## Dataframe Basics - JSON File

---

In [None]:
#Import our SparkSession so we can use it
from pyspark.sql import SparkSession

In [None]:
# Create our SparkSession, this can take a couple minutes locally
spark = SparkSession.builder.appName('basics').getOrCreate()

In [None]:
# Let's read in some data to play with
data = spark.read.json('data/food.json')

In [None]:
# Let's show the data
data.show()

In [None]:
#Print schema
data.printSchema()

In [None]:
#Show the columns
data.columns

In [None]:
# Describe our data
data.describe()

When you are working with a csv file, it's relatively simple to infer the schema.

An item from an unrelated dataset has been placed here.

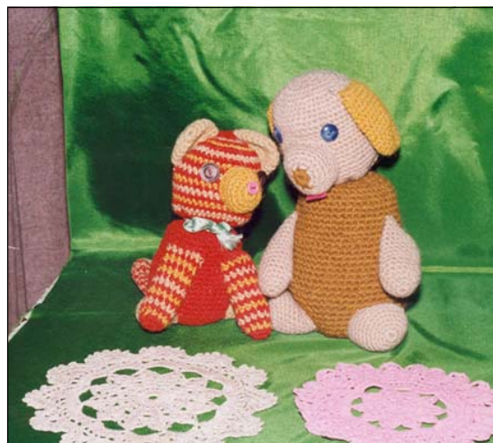
Мягкие игрушки, сделанные нашими учениками.

Помимо занятий с детьми преподаватели проводят занятия для взрослых, которые могут посещать и учащиеся 10–11 классов.

When working with JSON in this example, we have to manually set the schema, which we can do like this.

In [None]:
#Import Struct Fields that we can use
from pyspark.sql.types import StructField, StringType, IntegerType, StructType

In [None]:
#Next we need to create the list of Struct Fields
schema = [StructField("price", IntegerType(), True), StructField("food", StringType(), True)]
schema

In [None]:
#Pass in our fields
final = StructType(fields=schema)
final

In [None]:
#Read our data with our new schema
df = spark.read.json('data/food.json', schema=final)
df

In [None]:
#Print it out
df.printSchema()

---

## Accessing data

In [None]:
df['price']

In [None]:
type(df['price'])

In [None]:
df.select('price')

In [None]:
type(df.select('price'))

In [None]:
df.select('price').show()

---

## Manipulating Columns

In [None]:
#Add new columns
df.withColumn('newprice', df['price']).show()

In [None]:
#Update new column name
df.withColumnRenamed('price','newerprice').show()

In [None]:
#Double the price
df.withColumn('doubleprice', df['price']*2).show()

In [None]:
#Add a dollar to th price
df.withColumn('add_one_dollar',df['price']+1).show()

In [None]:
#Half the price
df.withColumn('half_price', df['price']/2).show()

In [None]:
#Collecting a columns as a list
df.select('price').collect()

---

## Converting PySpark Dataframe to Pandas Dataframe

In [None]:
import pandas as pd
pandas_df = df.toPandas()

In [None]:
pandas_df.head()